Input data Start Marker

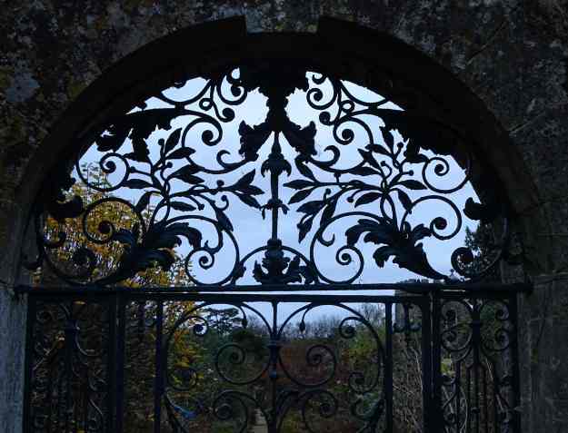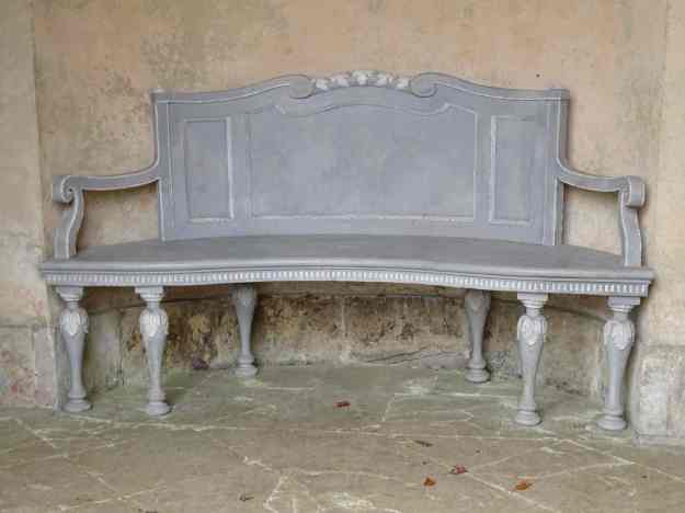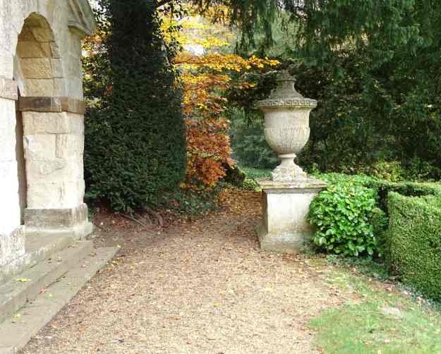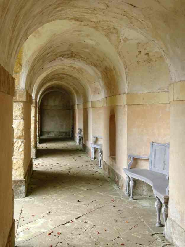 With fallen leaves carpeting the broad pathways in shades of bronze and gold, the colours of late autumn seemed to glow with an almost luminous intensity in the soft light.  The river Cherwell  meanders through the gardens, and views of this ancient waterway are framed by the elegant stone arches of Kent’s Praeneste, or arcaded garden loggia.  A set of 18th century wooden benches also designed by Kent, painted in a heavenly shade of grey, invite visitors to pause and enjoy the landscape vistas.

Input data End Marker
Input data Start Marker

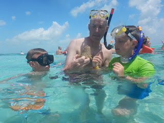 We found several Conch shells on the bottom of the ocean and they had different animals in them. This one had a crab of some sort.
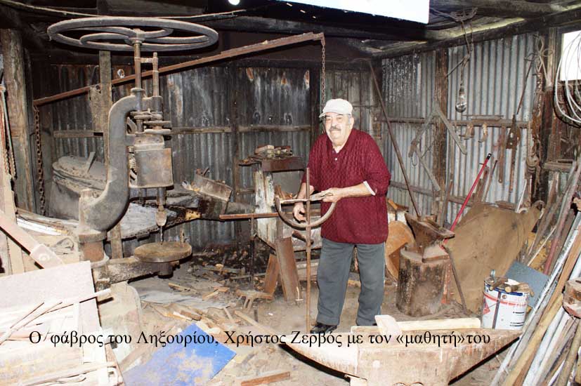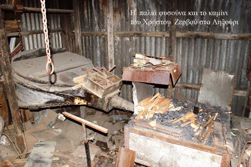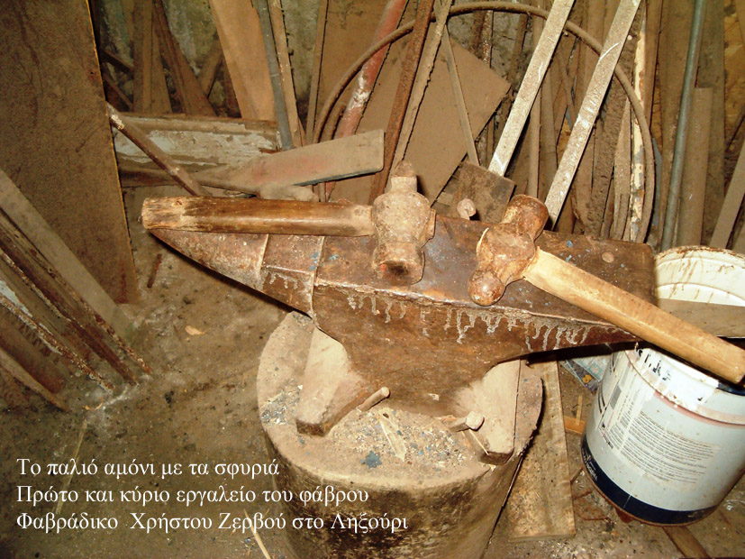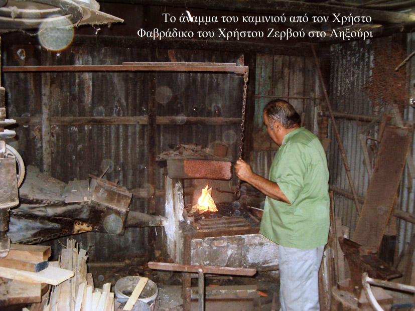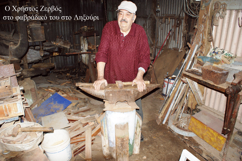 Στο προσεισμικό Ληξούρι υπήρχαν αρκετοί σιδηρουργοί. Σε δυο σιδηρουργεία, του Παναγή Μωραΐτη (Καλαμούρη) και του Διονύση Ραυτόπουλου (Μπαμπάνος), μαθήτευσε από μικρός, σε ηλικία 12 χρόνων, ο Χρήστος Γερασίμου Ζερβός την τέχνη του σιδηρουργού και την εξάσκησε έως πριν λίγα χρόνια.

Input data End Marker

* **About this exercise**
Leaving all pictures out, output exactly the lines of the material above from the line with "We found several" to the line with "Στο προσεισμικό Ληξούρι", both included.

* **Result of the exercise**
 We found several Conch shells on the bottom of the ocean and they had different animals in them. This one had a crab of some sort.
 Στο προσεισμικό Ληξούρι υπήρχαν αρκετοί σιδηρουργοί. Σε δυο σιδηρουργεία, του Παναγή Μωραΐτη (Καλαμούρη) και του Διονύση Ραυτόπουλου (Μπαμπάνος), μαθήτευσε από μικρός, σε ηλικία 12 χρόνων, ο Χρήστος Γερασίμου Ζερβός την τέχνη του σιδηρουργού και την εξάσκησε έως πριν λίγα χρόνια.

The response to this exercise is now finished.